Sunday, March 24, 2019

Doing the right thing: two views




Focus on Leonardo in the coffee klatch

Doing the right thing: two views
I
My mentor was always seven minutes late for our Latin class twenty-five years ago.  Unlike Jørgen, I arrive on the dot, but late in the eyes of Ellie, another volunteer teacher for our drop-in English conversation group at the Georgetown Neighborhood Library.  Ellie, a retired scientist, has already pushed two heavy library tables together for eager people still arriving.  I give her name tags and an attendance sheet and then suggest that the group talk about Spring festivals where they are from, Asia, Latin America, Europe, former Russian republics, and the Mid-East.   Ellie is a perfect match for them.  She will work carefully to correct pronunciation and explain new words and expressions as they read a short article I have prepared.
I leave Ellie’s group to join a second group, the “old faithfuls,” known also as the coffee klatch.  After we greet each other with kisses, I trade notes on the DC theatre scene with Micaela, a young Argentine actress who is wearing extravagant dangly pearl earrings. While Mark, another volunteer teacher, pulls two more tables together for the coffee klatch, I run to the information desk in the next room to get 20 copies of a short opinion piece I have chosen for both groups’ main topic, “Going to the Funeral,” a transcript from a 2005 NPR broadcast.  I hope we will focus on the subtext of the piece, positive aspects of doing the right thing, rather than its depressing subject.  I will ask them to make comparisons between funeral celebrations in their home countries and various funerary customs in the USA.

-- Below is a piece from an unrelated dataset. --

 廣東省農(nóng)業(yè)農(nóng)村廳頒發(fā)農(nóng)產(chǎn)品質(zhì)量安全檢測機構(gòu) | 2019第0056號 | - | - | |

This second group, the coffee klatch, from Asia, Europe, Africa, the Mideast, and Latin America, which tolerates minimal intervention from Mark and me, know each other well, although there are a couple of unfamiliar faces.   I try to balance them, to get the Asians to talk, while reining in regulars from Egypt, Morocco, Germany, France and Italy. 

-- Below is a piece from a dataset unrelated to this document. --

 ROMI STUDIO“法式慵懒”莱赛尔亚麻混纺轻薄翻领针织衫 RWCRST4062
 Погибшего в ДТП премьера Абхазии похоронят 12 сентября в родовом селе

I can depend on Leonardo, arriving around 10:15 in his motorcycle helmet and black leather jacket that glint and shine like his dark eyes and straight dark hair.  Leonardo wakes us up with a slide presentation about Spring festivals around the world.  We have to laugh at how thorough his research has been, ranging from pyramids in Mexico to surfing in Wales, balloons filled with dye in India, to marital arrangements in Russia.
II
Leo is late to the Library, but brightens up when he sees Susan.  In Mexico drop-in means you come when you can.   His six-year-old son Dominic was dawdling over breakfast before the two of them walked slowly to the boy’s school.   Leo can’t conceal his worries about Mr. Trump’s weird ideas about Mexico, though, as he tells the group, the Mexican President Enrique Nieto Peña beat Trump in the scoundrel contest by plagiarizing his law school thesis and colluding with drug lords.  
Days can be long for a househusband, and Leo is grateful to have a project.  Finding out about Spring festivals around the world gave him something else to talk about with Dominic.  Since Dominic enjoyed the slide show, Leo isn’t surprised that the group likes his presentation. 
Everyone is invited to speak about Spring festivals back home. He can’t understand when Ikumi talks about Spring festivals in Japan.  Argentina and Italy have the same traditions about giving children Easter eggs that contain presents, which Dominic would enjoy.  Youssef tells about a three-day festival in Kelaat Mgovna, in a valley of the Atlas Mountains in Morocco, famous for roses, and an international music festival in Gnaowa.
After finishing with Spring festivals, there’s a short article to look at called “Always Go to the Funeral.”  What a downer to hear the others talk about doing the right thing, like filling out forms, waiting in line, and enduring unpleasant work environments, but even worse to hear details about funerals, except for Youssef who accepts death as part of life.  Anna, whose husband is at death’s door with cancer, looks like she will pass out.  At the end of the meeting the mood perks up again: even the usually restrained Julia from Germany gets excited talking about Mr Trump.
Leo knows he makes many mistakes but he gets few corrections because he is fluent.  He’s frustrated enough to be talking of leaving the conversation group to take classes at the Washington English Center to get his English straightened out.  He’s heard that he will learn a lot there and also make more friends.  After the two groups break up, Leo begins to talk to Baur, a smiling young guy from Kazakhstan, about going to the Center together.